INSTRUCTIONS FOR THE TASK:
This exercise calls for all the entries that follow to be set down exactly, without their images.

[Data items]
'''

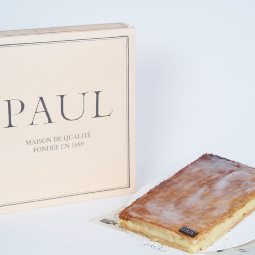 | Crujientes capas de masa hojaldre rellena de crema pastelera, decorada con fondant de vainilla |
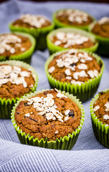Muffins: Stir oat bran, ground almonds, baking powder and salt together in a large mixing bowl.
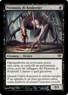 | Rules | Whenever an opponent draws a card, if you control a red permanent, you may have Kederekt Parasite deal 1 damage to that player. |
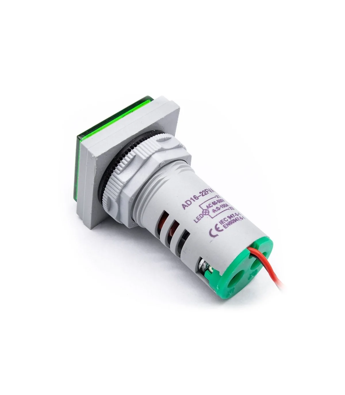 ولتمتر و آمپرمتر چراغ سیگنالی AC500V-100A سبز مربعی مدل AD16-22FVA
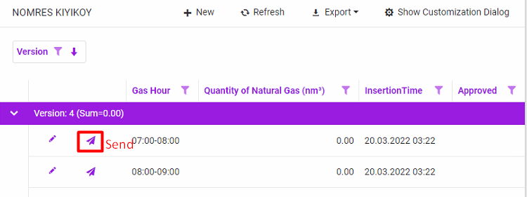 By selecting the gas year and gas day, the Nomination Responses for the relevant gas day are listed.
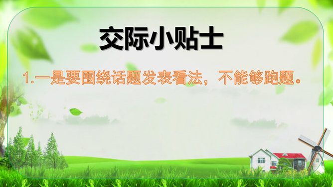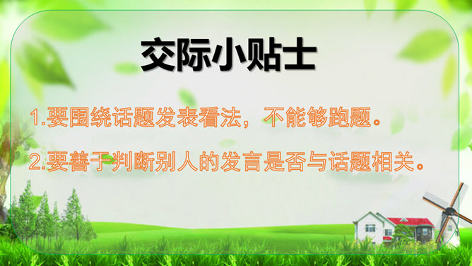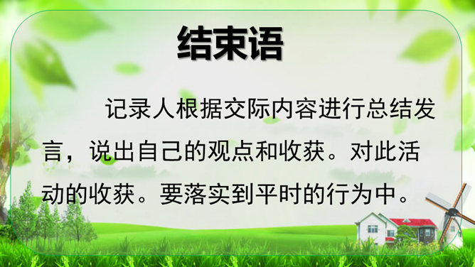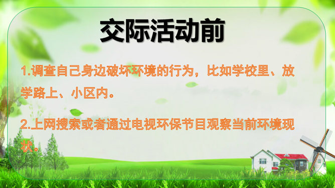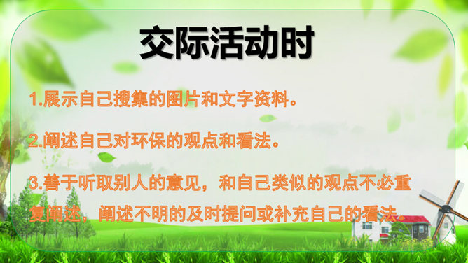 一是要围绕话题发表看法,不能够跑题。要善于判断别人的发言是否与话题相关。记录人根据交际内容进行总结发言,说出自己的观点和收获。对此活动的收获。要落实到平时的行为中。发现排污系统不完善的工厂时,随意砍伐树木等违法行为时,要及时向监管部门反映。从身边做起,从小事做起,保护环境人人有责。首先要做到自己不破坏环境,不乱扔垃圾。其次还要提醒周围的同学保护环境。

'''

SOLUTION TO THE EXERCISE:
 | Crujientes capas de masa hojaldre rellena de crema pastelera, decorada con fondant de vainilla |
Muffins: Stir oat bran, ground almonds, baking powder and salt together in a large mixing bowl.
 | Rules | Whenever an opponent draws a card, if you control a red permanent, you may have Kederekt Parasite deal 1 damage to that player. |
 ولتمتر و آمپرمتر چراغ سیگنالی AC500V-100A سبز مربعی مدل AD16-22FVA
 By selecting the gas year and gas day, the Nomination Responses for the relevant gas day are listed.
 一是要围绕话题发表看法,不能够跑题。要善于判断别人的发言是否与话题相关。记录人根据交际内容进行总结发言,说出自己的观点和收获。对此活动的收获。要落实到平时的行为中。发现排污系统不完善的工厂时,随意砍伐树木等违法行为时,要及时向监管部门反映。从身边做起,从小事做起,保护环境人人有责。首先要做到自己不破坏环境,不乱扔垃圾。其次还要提醒周围的同学保护环境。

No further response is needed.